The action (3) reduces to

$$S_4 = \int d^4x \sqrt {g}~\bigg\{- R+{1\over 12}H_{\mu \nu
\rho} ~H^{\mu \nu \rho}\bigg\}. \eqno (7)$$

We choose the following ansatz for the 4-dimensional metric and the
antisymmetric tensor field strength;

$$ds^2=dt^2+dr^2+R^2(r)d\Omega_2^2\qquad H_{t\theta\phi}=2R_0
\sin\theta~ dt\wedge d\theta\wedge d\phi. \eqno(8)$$

\noindent The coordinate $t$ has a range $[0,2\pi]$. The (rr)
Einstein equation becomes,
$$R'^2=1-{R_0^2\over R^2}.\eqno (9)$$

\noindent Here and everywhere prime denotes derivative with respect
to $r$. The solution $R^2=R^2_0+r^2$, has $R(r)\rightarrow \pm r$
for large $r$, corresponding to the two asymptotically flat
Euclidean regions,
and has throat size $R_0$. The other three Einstein equations  and the
$H$ equations are automatically satisfied for this ansatz. The volume
integral of $H$ is the axionic charge, $Q$, proportional to $R_0$.

Notice that if $t$ is identified as a compact coordinate the
$B_{t\phi}$ component has the interpretation of a gauge field such that
{\bf A}=(0,0,2$R_0$(1-cos$\theta$)). The
corresponding field strength, $F^2$=$8R_0^2/R^4$, is analogous to that
of a magnetic
monopole with above ansatz (8) for $H$. Thus we recover the 2+1
dimensional monopole solution of Gupta $et~ al.$ [10].
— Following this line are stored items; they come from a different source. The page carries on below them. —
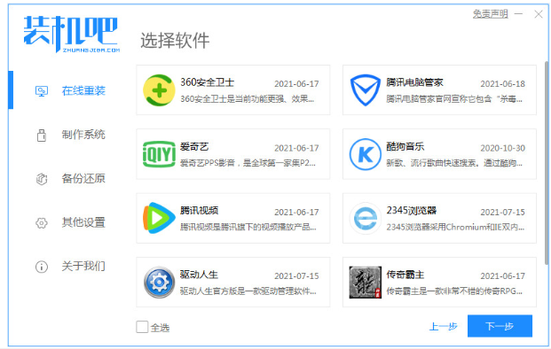 2、选择需要安装的电脑软件,不需要的话就无需选择,直接点击下一步操作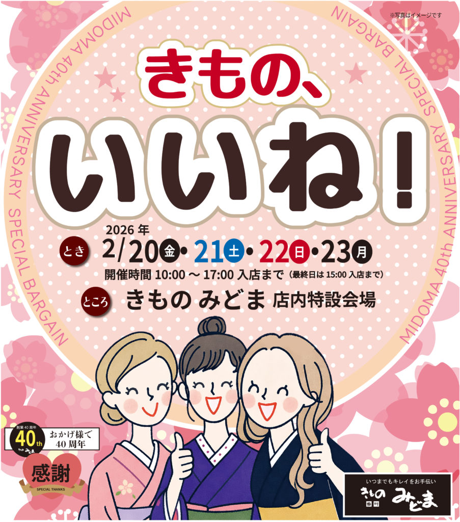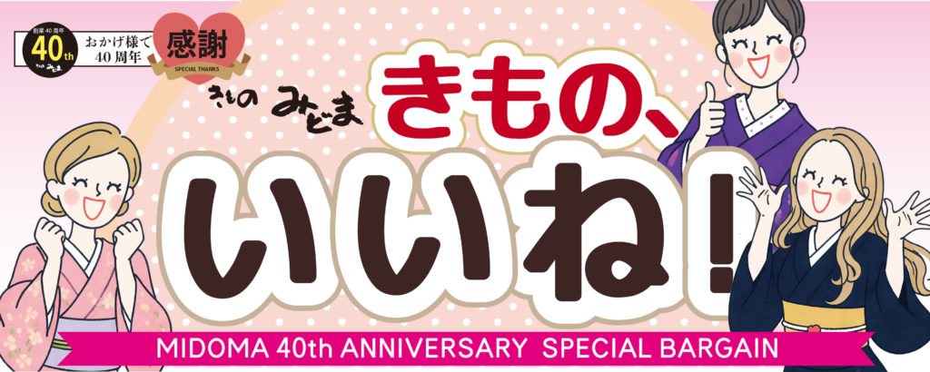 おかげ様で40周年。きもの みどま です。この度、「きもの、いいね!」を合言葉にこのチラシを作りました。ご覧の皆様、きもの着ておられますか?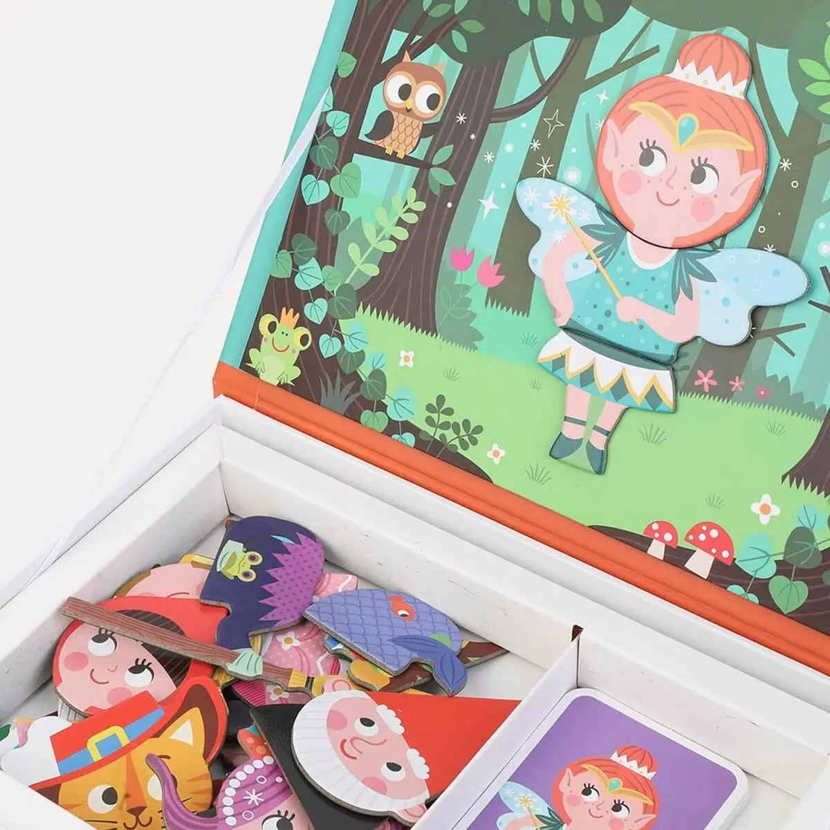 Ce jeu magnétique invite les enfants dès 3 ans à créer des personnages de contes classiques avec 30 morceaux et 10 cartes modèles. Simple et ludique, il stimule leur imagination sur une scène magnétique.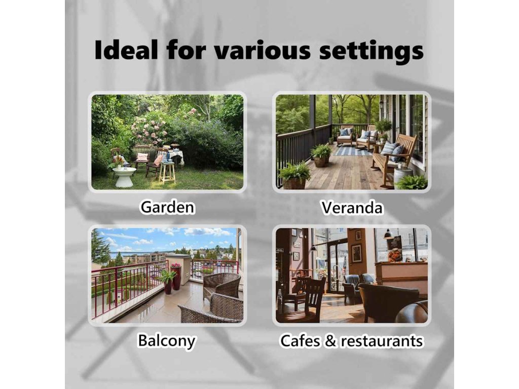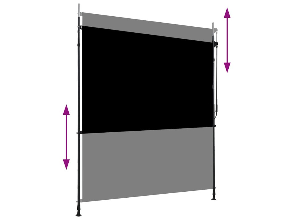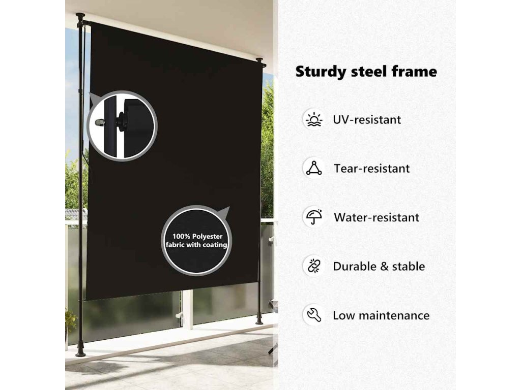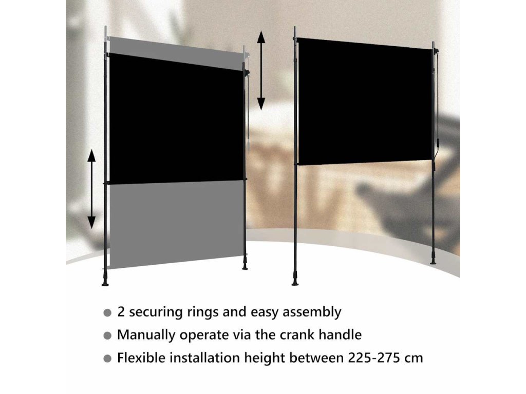 Roleta je vyrobená z kvalitnej látky s vrstvou PA, a preto na slnku nevybledne, blokuje slnečné lúče, no zároveň prepúšťa vzduch. Dá sa jednoducho vytiahnuť a zrolovať pomocou ručnej kľuky. Vertikálna roleta sa dodáva spolu s dvoma stojacími stĺpikmi s nastaviteľnou výškou od 2 do 3 metrov, takže sa vojde pod väčšinu zastropení a jednoducho sa montuje.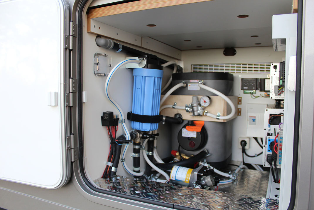 6. Untersuchen Sie die Abwasser- und Frischwassersysteme auf Risse oder Lecks in den Tanks, Anschlüssen und Schläuchen.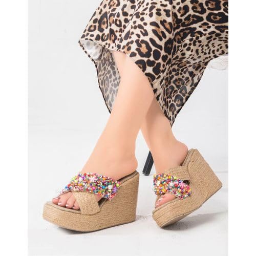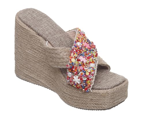Life Stylish - شبشب بكعب عريض ويدج من الخيش مع اكسسوارات انيقة S-22 - بيج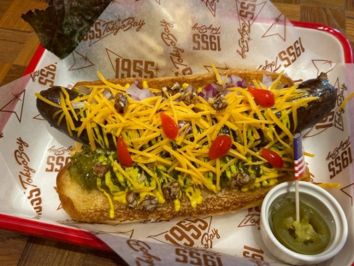 こちらはかなりボリューミーなビーフホットドッグ。アメリカンスタイルのスパイシーな牛肉のソーセージ200gに、チーズやキャラメリゼした胡桃がトッピング。フライドポテトもついていて、家族でシェアしながら食べても良さそう♡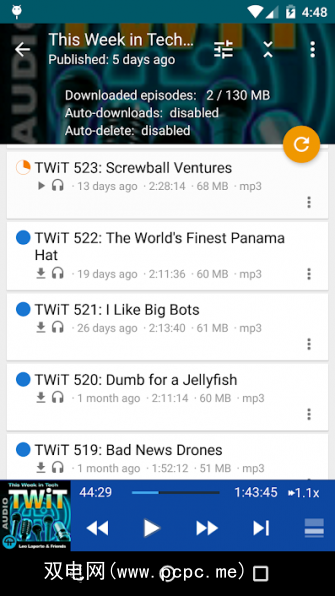 该应用是目前功能最强大的播客播放器之一。它具有音频效果,能够在您睡眠时安排下载时间,即时插播流支持,Android,iOS和Web应用程序之间的自动插播同步以及多种存储选项。它还可以将剧集直接从设备流式传输到Chromecast,并且与Android Auto兼容。

In Ref. [11], wormhole solutions with $R^1\times S^1\times S^2$
geometry was derived with matter content of antisymmetric and gauge
field. The monopole like solution presented here is different
from those of Ref. [11].

{$\bf R^1\times S^3$} Wormholes: This
is another four dimensional solution discovered by Giddings
and Strominger [1] . Effective action is same as (7),
but now the solution has different topology viz. $R^1\times S^3$.
The line element and the
$H$ are given by

$$ds^2=dr^2+R^2(r)d\Omega_3^2,\qquad H_{\theta\psi\phi}=2\sqrt {3}
R_0^2 \sin^2\theta \sin\psi~ d\theta\wedge d\psi
\wedge d\phi. \eqno(10)$$

 The (rr) metric equation becomes,
$$R'^2=1-{R_0^4\over R^4}.\eqno (11)$$
\noindent Again the solution  has $R^2(r)\rightarrow r^2$
for large $r$, corresponding to the two asymptotically flat
Euclidean regions with a throat size $R_0$.
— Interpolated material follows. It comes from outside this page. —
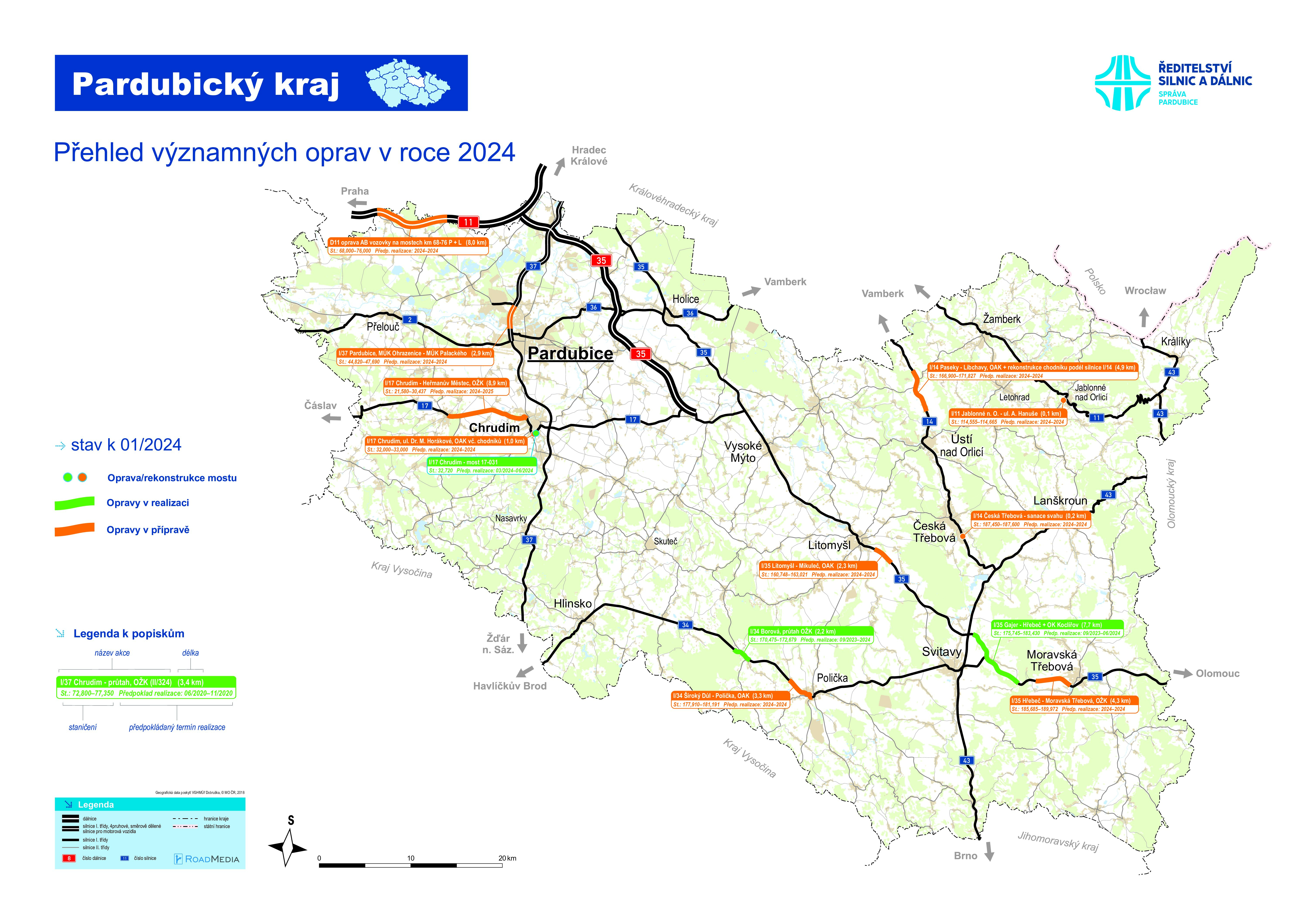 Jaké významné opravy má Správa Pardubice ŘSD v plánu realizovat v roce 2024? Podívejte se na naši nově aktualizovanou mapu.

Next, we choose the background $\phi$=const. and set $H_{\mu\nu\rho}$=0
and ${\cal A}^i_{\mu}
$=0.  The spherically symmetric
ansatz
is chosen for $G_{\alpha\beta}$ and $B_{\alpha\beta}$ and the
$6\times 6$ matrix is represented as three blocks of $2\times 2$
matrices of the following form.
$$G+B = \pmatrix {\Sigma_1 & 0 & 0\cr 0 & \Sigma_2 & 0\cr
0 & 0 & \Sigma_3\cr},\qquad \Sigma_j= \pmatrix {e^{\lambda_jD_j(r)} &
a_j(r)\cr -a_j(r) & e^{\lambda_jD_j(r)}\cr}, \eqno (12)$$
\noindent no summation over the repeated index $j$ is understood
above. The effective action (3)
takes the form

$$S_4 = \int d^4x \sqrt {g}~\bigg [- R+{1\over 2}g^{rr} \sum_{j=1}^3
\bigg \{\lambda_j^2
(\partial_rD_j)^2 +e^{-2\lambda_jD_j}(\partial_ra_j)^2\bigg \}\bigg ]
\eqno (13)$$

\noindent The equations of motion are as follows
$$G_{rr}=R_{rr}-{1\over 2}g_{rr}R={1\over 4}\sum_{j=1}^3\bigg \{\lambda_j^2
(\partial_rD_j)^2 +e^{-2\lambda_jD_j}(\partial_ra_j)^2 \bigg \},\eqno (14)$$

$$G_{ii}=R_{ii}-{1\over 2}g_{ii}R=-{1\over 4}g_{ii}g^{rr}\sum_{j=1}^3
\bigg \{\lambda_j^2 (\partial_rD_j)^2
+e^{-2\lambda_jD_j}(\partial_ra_j)^2\bigg \}
,\qquad i=\theta,\psi,\phi\eqno (15)$$

$$\partial_r({\sqrt g}g^{rr}e^{-2\lambda_j D_j}\partial_r a_j)=0,\eqno(16)$$
\noindent and
$$\partial_r({\sqrt g}g^{rr}\lambda_j\partial_r D_j)
+{\sqrt g}g^{rr}e^{-2\lambda_jD_j}(\partial_r a_j)^2=0.\eqno(17)$$

\noindent We mention in passing that equations (16) and (17) hold for
each $j$=1,2 and 3; moreover these equations represent the axionic charge
conservation and the dilaton evolution respectively. Whereas
eqns. (14) and (15) are Einstein equations. The choice,

$$ds^2=dr^2+R^2(r)d\Omega_3^2\eqno(18a)$$
$$e^{-2\lambda_jD_j}={Q_j^2\over R^4},\qquad a_j=\pm{i\over Q_j}R^2R'
\eqno(18b)$$
\noindent with the relation $R'^2=1-{R_0^4\over R^4}$, satisfies all
the equations of motion.
Where $R(r)$ is the scale factor and $R_0$ gives size of the wormhole
neck.

It is worthwhile to point out that the axionic background envisaged
above has some similarity with the axion solution adopted by Giddings
and Strominger [12]. However, our backgrounds arise from the
prescriptions of toroidal compactifications [7]. On the other hand,in
Ref. [12],
the antisymmetric tensor field, $B_{\alpha\beta}$,
associated with the internal dimensions,
are the fundamental K{\"a}hler forms of the internal dimensions and
their $x$ and $y$ dependence are decomposed in a specific manner.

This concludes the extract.